Data for this task.

______

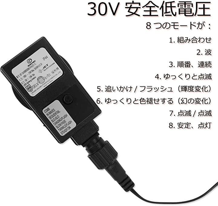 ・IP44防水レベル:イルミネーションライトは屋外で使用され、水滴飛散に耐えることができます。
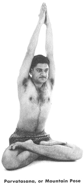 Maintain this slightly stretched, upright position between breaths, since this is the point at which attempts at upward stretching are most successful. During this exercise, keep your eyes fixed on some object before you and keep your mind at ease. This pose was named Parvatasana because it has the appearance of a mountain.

______

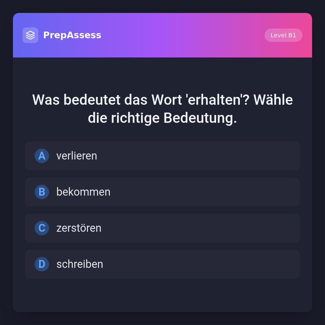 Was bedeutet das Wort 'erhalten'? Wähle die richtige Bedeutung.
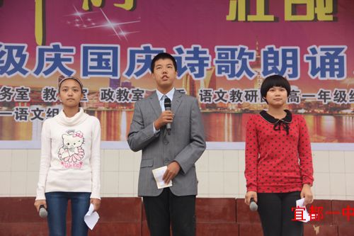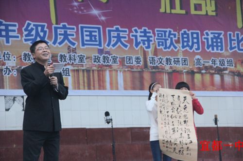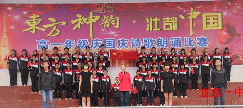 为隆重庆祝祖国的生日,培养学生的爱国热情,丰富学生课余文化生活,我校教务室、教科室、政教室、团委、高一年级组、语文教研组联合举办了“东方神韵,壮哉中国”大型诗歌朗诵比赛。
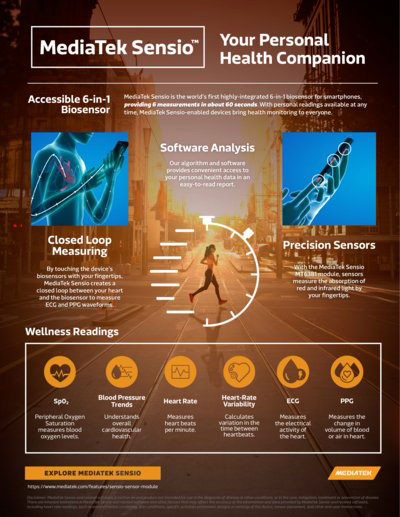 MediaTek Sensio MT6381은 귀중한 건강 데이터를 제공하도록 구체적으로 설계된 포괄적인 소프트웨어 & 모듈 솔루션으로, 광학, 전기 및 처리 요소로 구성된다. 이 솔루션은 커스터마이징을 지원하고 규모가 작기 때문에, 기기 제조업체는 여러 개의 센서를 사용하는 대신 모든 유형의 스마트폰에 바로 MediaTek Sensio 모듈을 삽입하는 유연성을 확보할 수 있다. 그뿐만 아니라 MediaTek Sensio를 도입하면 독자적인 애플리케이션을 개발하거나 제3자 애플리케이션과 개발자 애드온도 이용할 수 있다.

______

Your task. The material above holds pictures; leave them out and set down exactly the lines from the line with "Was bedeutet das" to the line with "MediaTek Sensio MT6381은", both included.

Exercise answer.
 Was bedeutet das Wort 'erhalten'? Wähle die richtige Bedeutung.
 为隆重庆祝祖国的生日,培养学生的爱国热情,丰富学生课余文化生活,我校教务室、教科室、政教室、团委、高一年级组、语文教研组联合举办了“东方神韵,壮哉中国”大型诗歌朗诵比赛。
 MediaTek Sensio MT6381은 귀중한 건강 데이터를 제공하도록 구체적으로 설계된 포괄적인 소프트웨어 & 모듈 솔루션으로, 광학, 전기 및 처리 요소로 구성된다. 이 솔루션은 커스터마이징을 지원하고 규모가 작기 때문에, 기기 제조업체는 여러 개의 센서를 사용하는 대신 모든 유형의 스마트폰에 바로 MediaTek Sensio 모듈을 삽입하는 유연성을 확보할 수 있다. 그뿐만 아니라 MediaTek Sensio를 도입하면 독자적인 애플리케이션을 개발하거나 제3자 애플리케이션과 개발자 애드온도 이용할 수 있다.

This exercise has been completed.